COUNTER SURFING Corrective Actions: Oft recommended noisy "traps," like a piece of hotdog on the counter edge tied to a pop can filled with coins can startle a dog into stopping counter surfing, but consider your dog's temperament before doing this since it can reinforce noise sensitivity. Train "Leave it" that tells your dog to leave whatever has his interest alone and move on. For the safest option to ensure your dog doesn't eat something that might cause serious digestive problems, gate your dog out of the kitchen when you cook and never leave anything where your dog can reach it.

Dominance/Prey Drive

Putting feet solidly on the owner or other people and making direct eye contact can indicate a dominant attitude as can forcefully jumping against the owner during play. Dogs that retain a naturally strong desire to chase and grab prey often extend this behavior toward toys and will jump up to try and grab a toy from your hand.

DOMINANCE/PREY DRIVE Corrective Actions: If dominant or prey-driven dog shows signs of aggression, seek immediate help from a professional trainer. For non-aggressive dogs, train obedience using positive methods combined with consistent rules to reinforce your leader position. Never pet or greet dog after he jumps up, insist on an acceptable alternate behavior, such as sit, and reward compliance.
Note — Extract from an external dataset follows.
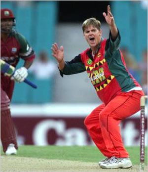 Bryan Strang gets the wicket of Brian Lara LBW, as Lara looks on dejectedly.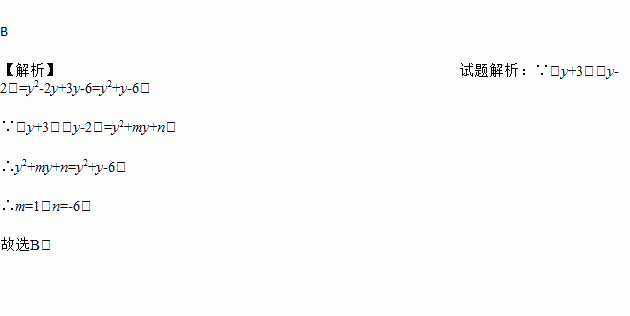 若(y+3)(y-2)=y2+my+n,则m、n的值分别为( )

Ensure dog receives adequate exercise to keep him relaxed. If dog jumps against you or after a toy you hold during play, attach a 20-foot line to dog's collar, say a firm "no" when dog jumps and stop all action for a brief time out. If dog persists, quietly walk him back to his confined area for a longer time out and try again afterwards. Alternatively, stop the game and work obedience to remind your dog to exercise self-control.

Excitability

Nervous and/or excitable dogs often leap around without paying attention to what might be in the way and knock someone down, break something or hurt themselves.

EXCITABILITY Corrective Actions: Provide ample physical and mental exercise through training, interactive games and running or swimming in safe areas to help dog relax. Leaping, spinning dogs often excel at learning and performing tricks, a fun activity that provides the dog an acceptable focus. Train reliable obedience commands and break the reactive cycle by insisting the dog sit down until he acts calmer, then give him a treat-stuffed rubber toy or chew bone.

Potty Signal

Dogs sometimes learn to let you know they need to go potty by jumping at you or at the outside door.

POTTY SIGNAL Corrective Actions: Train an alternative "alert" behavior like ringing a bell hung on the door.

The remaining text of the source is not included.